Last updated: 2018-02-23
Code version: b299bc0
In notations,
\[ y_{ij} = \mu + \tau_i + \beta_j + \gamma_k + \epsilon_{ij} \] where \(i = 1,2,..., I\) and \(j = 1,2,..., J\). The parameters are estimated under sum-to-zero constraints \(\sum \tau_i = 0\) and \(\sum \beta_j = 0\).
Note that in this model 1) not all \(y_{ij.}\) exists due to the incompleteness of the design, 2) the effects of individual and block are nonorthogonal, 3) the effects are additive due to the block design.

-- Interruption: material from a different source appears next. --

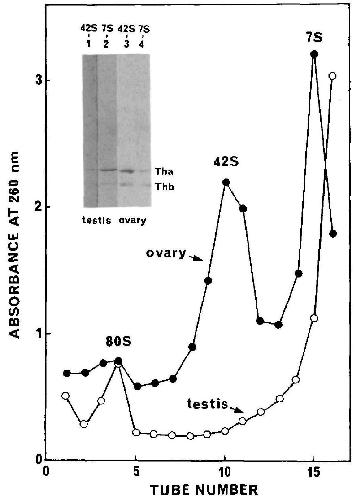 Aliquots (200 A<1) from testis fractions 10 (42S) and 15 (7S)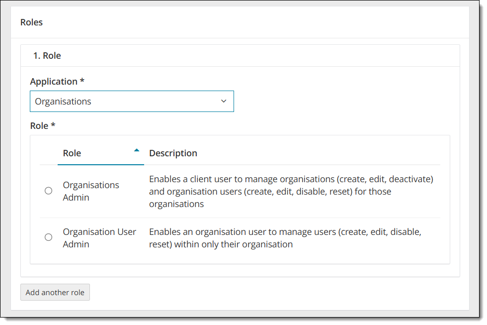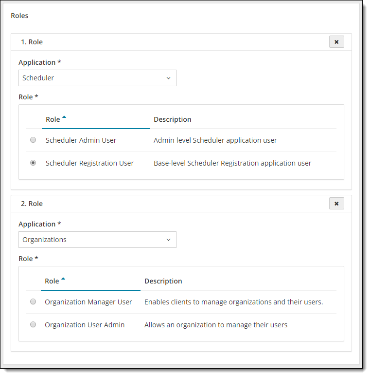 - A second Role section is displayed. Select the desired role option button for the second role.

TO DO: Apply batch correction prior to background correction??
\(~\)
library(data.table)
library(dplyr)
library(ggplot2)
library(cowplot)
library(RColorBrewer)
library(Biobase)
library(scales)
library(car)
library(ashr)
library(lsmeans)
Read in filtered data.
df <- readRDS(file="../data/eset-filtered.rds")
pdata <- pData(df)
fdata <- fData(df)
Statistical tests show that for GFP, there’s significant individual effect, plate effect and position effect, and that for RFP and DAPI, there’s no signficant individual effect or position effect but there’s significant plate effect (all at P<.01).
lm.rfp <- lm(rfp.median.log10sum~factor(chip_id)+factor(experiment) + factor(image_label),
data = pdata)
lm.gfp <- lm(gfp.median.log10sum~factor(chip_id)+factor(experiment) + factor(image_label),
data = pdata)
lm.dapi <- lm(dapi.median.log10sum~factor(chip_id)+factor(experiment) + factor(image_label),
data = pdata)
aov.lm.rfp <- Anova(lm.rfp, type = "III")
aov.lm.gfp <- Anova(lm.gfp, type = "III")
aov.lm.dapi <- Anova(lm.dapi, type = "III")
aov.lm.rfp
Anova Table (Type III tests)
Response: rfp.median.log10sum
Sum Sq Df F value Pr(>F)
(Intercept) 44.799 1 193.7809 < 2.2e-16 ***
factor(chip_id) 2.061 5 1.7830 0.113731
factor(experiment) 8.836 15 2.5480 0.001004 **
factor(image_label) 28.830 95 1.3127 0.029625 *
Residuals 202.056 874
---
Signif. codes: 0 '***' 0.001 '**' 0.01 '*' 0.05 '.' 0.1 ' ' 1
aov.lm.gfp
Anova Table (Type III tests)
Response: gfp.median.log10sum
Sum Sq Df F value Pr(>F)
(Intercept) 60.082 1 569.5986 < 2.2e-16 ***
factor(chip_id) 1.608 5 3.0492 0.009779 **
factor(experiment) 12.174 15 7.6944 2.293e-16 ***
factor(image_label) 14.688 95 1.4658 0.003756 **
Residuals 92.191 874
---
Signif. codes: 0 '***' 0.001 '**' 0.01 '*' 0.05 '.' 0.1 ' ' 1
aov.lm.dapi
Anova Table (Type III tests)
Response: dapi.median.log10sum
Sum Sq Df F value Pr(>F)
(Intercept) 57.257 1 1474.3536 < 2e-16 ***
factor(chip_id) 0.568 5 2.9233 0.01262 *
factor(experiment) 12.118 15 20.8019 < 2e-16 ***
factor(image_label) 3.333 95 0.9035 0.73028
Residuals 33.942 874
---
Signif. codes: 0 '***' 0.001 '**' 0.01 '*' 0.05 '.' 0.1 ' ' 1
Indivdual and plate variation
Position variation
well.gfp.median <- pdata %>% group_by(image_label) %>% summarize(., median(gfp.median.log10sum))
well.rfp.median <- pdata %>% group_by(image_label) %>% summarize(., median(rfp.median.log10sum))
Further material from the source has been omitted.